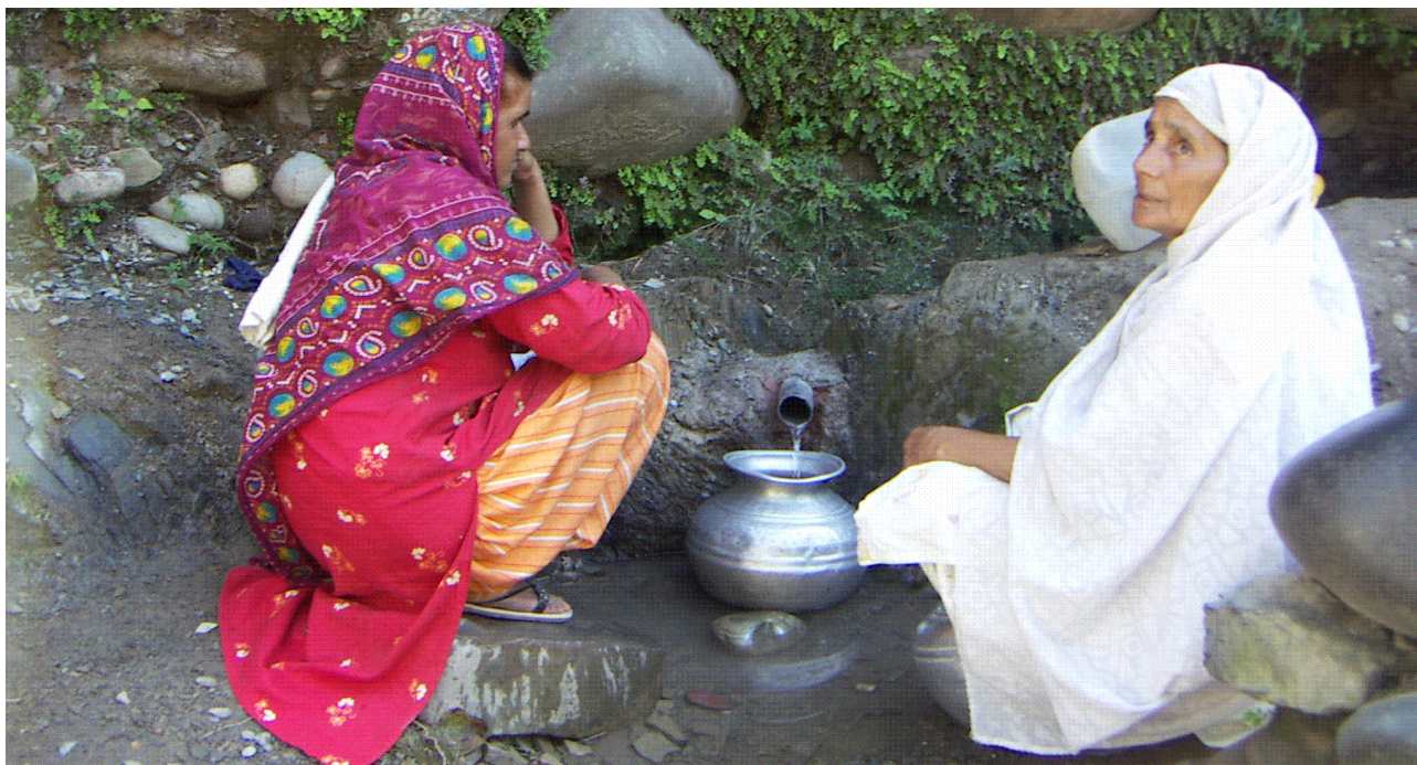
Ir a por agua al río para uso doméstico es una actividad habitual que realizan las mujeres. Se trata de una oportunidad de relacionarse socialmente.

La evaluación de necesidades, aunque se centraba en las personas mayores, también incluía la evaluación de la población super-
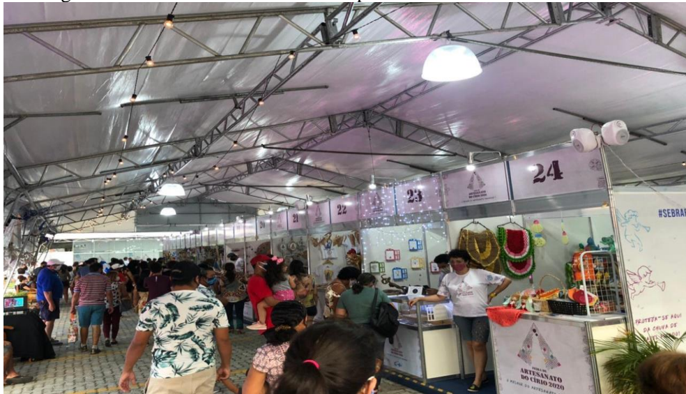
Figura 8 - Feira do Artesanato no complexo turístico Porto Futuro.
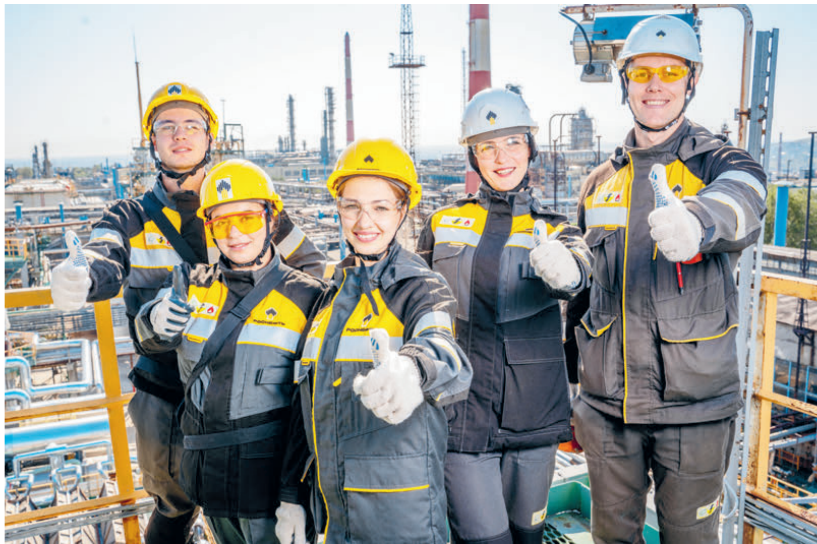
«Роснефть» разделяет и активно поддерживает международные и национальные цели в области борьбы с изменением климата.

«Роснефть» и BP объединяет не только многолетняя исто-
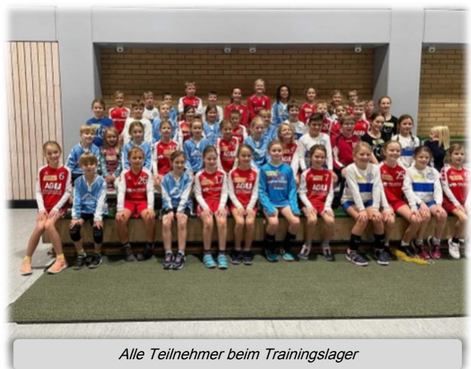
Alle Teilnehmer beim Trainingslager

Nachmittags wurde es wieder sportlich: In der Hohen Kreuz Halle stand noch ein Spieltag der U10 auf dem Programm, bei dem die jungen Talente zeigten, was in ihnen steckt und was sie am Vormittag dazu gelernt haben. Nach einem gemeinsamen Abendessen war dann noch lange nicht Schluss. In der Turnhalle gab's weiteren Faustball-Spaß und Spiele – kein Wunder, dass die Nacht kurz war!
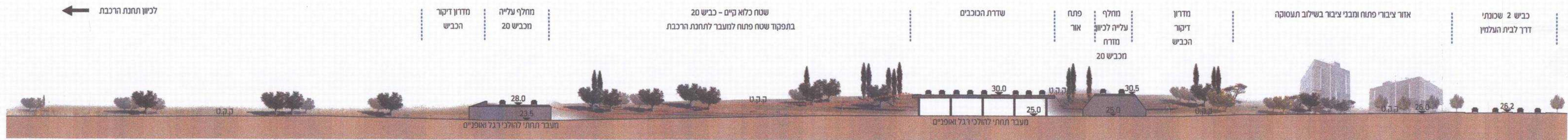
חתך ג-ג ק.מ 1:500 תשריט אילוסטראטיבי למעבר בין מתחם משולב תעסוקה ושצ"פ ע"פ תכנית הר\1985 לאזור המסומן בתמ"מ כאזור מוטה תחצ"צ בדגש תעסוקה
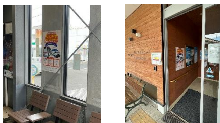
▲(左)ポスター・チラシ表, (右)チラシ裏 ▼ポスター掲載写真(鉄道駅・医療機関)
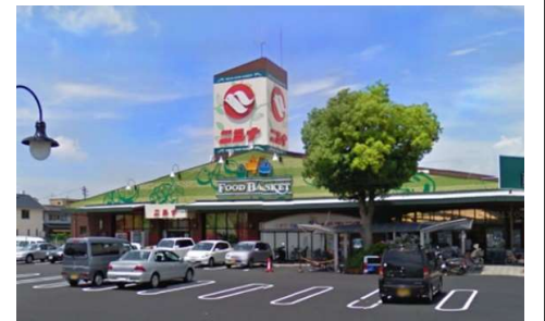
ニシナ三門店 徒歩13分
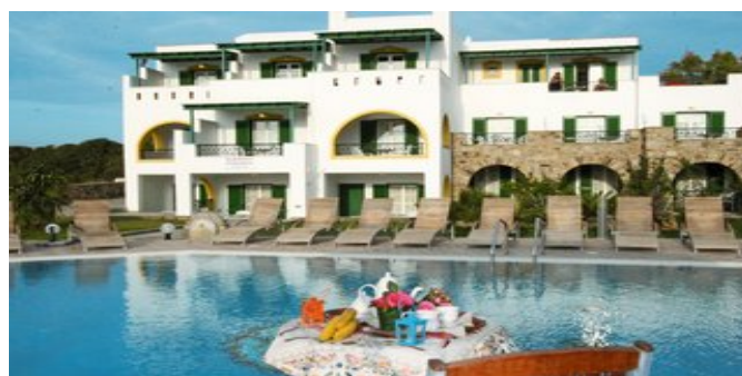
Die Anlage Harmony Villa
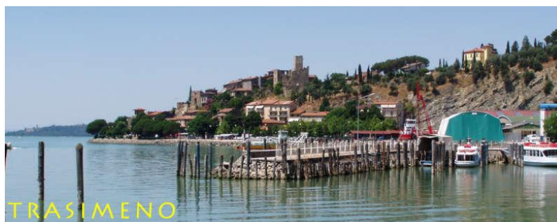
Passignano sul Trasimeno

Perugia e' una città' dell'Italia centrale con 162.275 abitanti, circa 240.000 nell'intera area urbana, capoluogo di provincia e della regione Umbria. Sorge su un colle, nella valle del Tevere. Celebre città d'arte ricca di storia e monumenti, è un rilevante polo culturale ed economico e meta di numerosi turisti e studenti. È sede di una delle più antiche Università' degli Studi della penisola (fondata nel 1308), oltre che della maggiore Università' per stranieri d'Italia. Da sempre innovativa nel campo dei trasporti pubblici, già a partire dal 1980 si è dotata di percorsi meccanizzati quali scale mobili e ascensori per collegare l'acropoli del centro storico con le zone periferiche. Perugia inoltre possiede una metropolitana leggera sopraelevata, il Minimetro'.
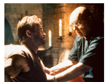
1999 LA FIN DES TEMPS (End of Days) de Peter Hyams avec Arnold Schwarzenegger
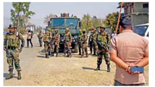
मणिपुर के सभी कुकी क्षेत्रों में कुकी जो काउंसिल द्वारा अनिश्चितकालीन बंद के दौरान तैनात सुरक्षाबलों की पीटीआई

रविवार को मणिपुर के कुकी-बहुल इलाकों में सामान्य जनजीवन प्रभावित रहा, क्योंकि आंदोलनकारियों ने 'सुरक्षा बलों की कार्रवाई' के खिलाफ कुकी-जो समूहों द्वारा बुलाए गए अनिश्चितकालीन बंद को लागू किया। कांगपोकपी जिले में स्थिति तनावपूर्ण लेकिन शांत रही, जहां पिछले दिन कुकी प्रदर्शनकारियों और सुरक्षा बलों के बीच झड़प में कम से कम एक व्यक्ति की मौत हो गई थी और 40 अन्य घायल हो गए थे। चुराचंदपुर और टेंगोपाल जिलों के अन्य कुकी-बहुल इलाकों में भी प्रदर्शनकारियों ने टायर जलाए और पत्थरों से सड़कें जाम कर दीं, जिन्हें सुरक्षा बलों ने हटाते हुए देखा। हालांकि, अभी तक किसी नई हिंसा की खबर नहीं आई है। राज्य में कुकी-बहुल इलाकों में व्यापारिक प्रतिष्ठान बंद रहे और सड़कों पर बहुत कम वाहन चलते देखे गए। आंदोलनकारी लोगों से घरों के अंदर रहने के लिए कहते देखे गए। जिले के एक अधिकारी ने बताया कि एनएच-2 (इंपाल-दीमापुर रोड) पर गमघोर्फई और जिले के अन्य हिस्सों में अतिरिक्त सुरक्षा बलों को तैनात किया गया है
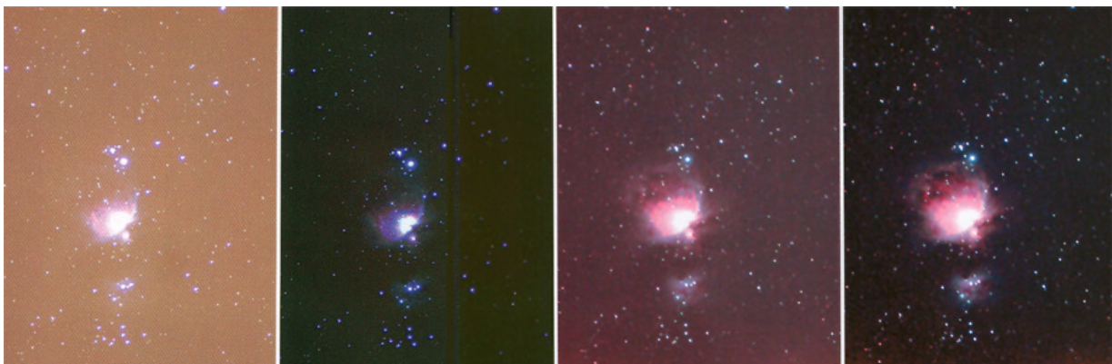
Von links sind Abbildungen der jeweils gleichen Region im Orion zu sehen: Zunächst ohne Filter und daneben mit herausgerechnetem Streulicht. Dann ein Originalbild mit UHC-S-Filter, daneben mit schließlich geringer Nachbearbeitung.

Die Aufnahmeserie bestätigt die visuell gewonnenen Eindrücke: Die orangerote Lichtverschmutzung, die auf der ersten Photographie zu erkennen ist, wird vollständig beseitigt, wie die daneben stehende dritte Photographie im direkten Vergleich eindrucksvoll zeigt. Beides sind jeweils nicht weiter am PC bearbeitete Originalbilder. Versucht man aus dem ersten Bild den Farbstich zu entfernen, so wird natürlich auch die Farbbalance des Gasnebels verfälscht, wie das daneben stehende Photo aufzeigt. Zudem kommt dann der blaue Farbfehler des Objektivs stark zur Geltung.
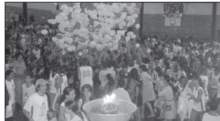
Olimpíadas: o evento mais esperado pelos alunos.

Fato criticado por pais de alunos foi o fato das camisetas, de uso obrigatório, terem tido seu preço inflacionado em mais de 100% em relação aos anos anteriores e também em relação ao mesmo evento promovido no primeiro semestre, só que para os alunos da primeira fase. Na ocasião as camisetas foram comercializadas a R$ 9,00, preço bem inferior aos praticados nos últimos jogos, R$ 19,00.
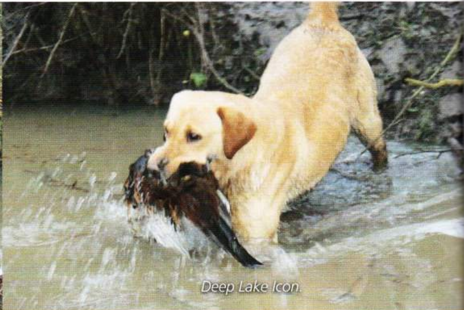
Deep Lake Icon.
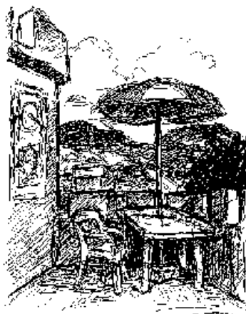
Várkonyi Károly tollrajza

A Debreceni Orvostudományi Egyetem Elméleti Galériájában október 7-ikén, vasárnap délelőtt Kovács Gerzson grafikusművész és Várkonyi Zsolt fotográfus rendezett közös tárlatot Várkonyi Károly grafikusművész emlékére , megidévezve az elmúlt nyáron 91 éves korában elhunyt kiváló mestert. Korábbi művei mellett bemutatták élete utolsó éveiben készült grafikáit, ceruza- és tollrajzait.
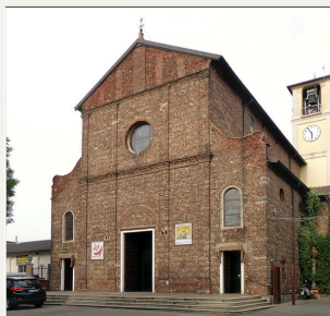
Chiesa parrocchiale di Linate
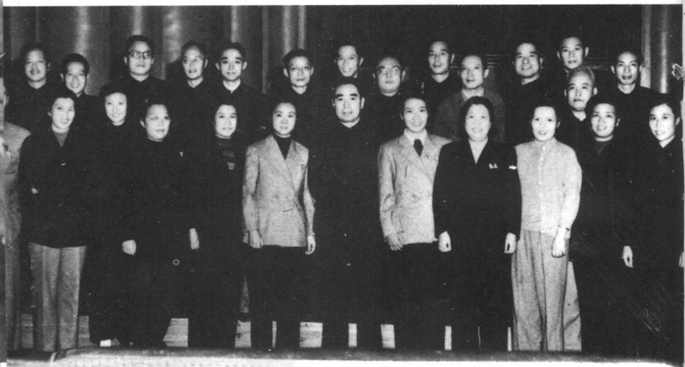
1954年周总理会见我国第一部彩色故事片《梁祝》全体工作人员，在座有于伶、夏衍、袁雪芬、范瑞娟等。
◆ ◆ ◆
- **WHAT TO PRODUCE**: Beginning with the line above that contains "रविवार को मणिपुर" and finishing with the line that contains "Von links sind", print those lines exactly and only. Skip all pictures.

- **EXERCISE RESPONSE**:
रविवार को मणिपुर के कुकी-बहुल इलाकों में सामान्य जनजीवन प्रभावित रहा, क्योंकि आंदोलनकारियों ने 'सुरक्षा बलों की कार्रवाई' के खिलाफ कुकी-जो समूहों द्वारा बुलाए गए अनिश्चितकालीन बंद को लागू किया। कांगपोकपी जिले में स्थिति तनावपूर्ण लेकिन शांत रही, जहां पिछले दिन कुकी प्रदर्शनकारियों और सुरक्षा बलों के बीच झड़प में कम से कम एक व्यक्ति की मौत हो गई थी और 40 अन्य घायल हो गए थे। चुराचंदपुर और टेंगोपाल जिलों के अन्य कुकी-बहुल इलाकों में भी प्रदर्शनकारियों ने टायर जलाए और पत्थरों से सड़कें जाम कर दीं, जिन्हें सुरक्षा बलों ने हटाते हुए देखा। हालांकि, अभी तक किसी नई हिंसा की खबर नहीं आई है। राज्य में कुकी-बहुल इलाकों में व्यापारिक प्रतिष्ठान बंद रहे और सड़कों पर बहुत कम वाहन चलते देखे गए। आंदोलनकारी लोगों से घरों के अंदर रहने के लिए कहते देखे गए। जिले के एक अधिकारी ने बताया कि एनएच-2 (इंपाल-दीमापुर रोड) पर गमघोर्फई और जिले के अन्य हिस्सों में अतिरिक्त सुरक्षा बलों को तैनात किया गया है
Von links sind Abbildungen der jeweils gleichen Region im Orion zu sehen: Zunächst ohne Filter und daneben mit herausgerechnetem Streulicht. Dann ein Originalbild mit UHC-S-Filter, daneben mit schließlich geringer Nachbearbeitung.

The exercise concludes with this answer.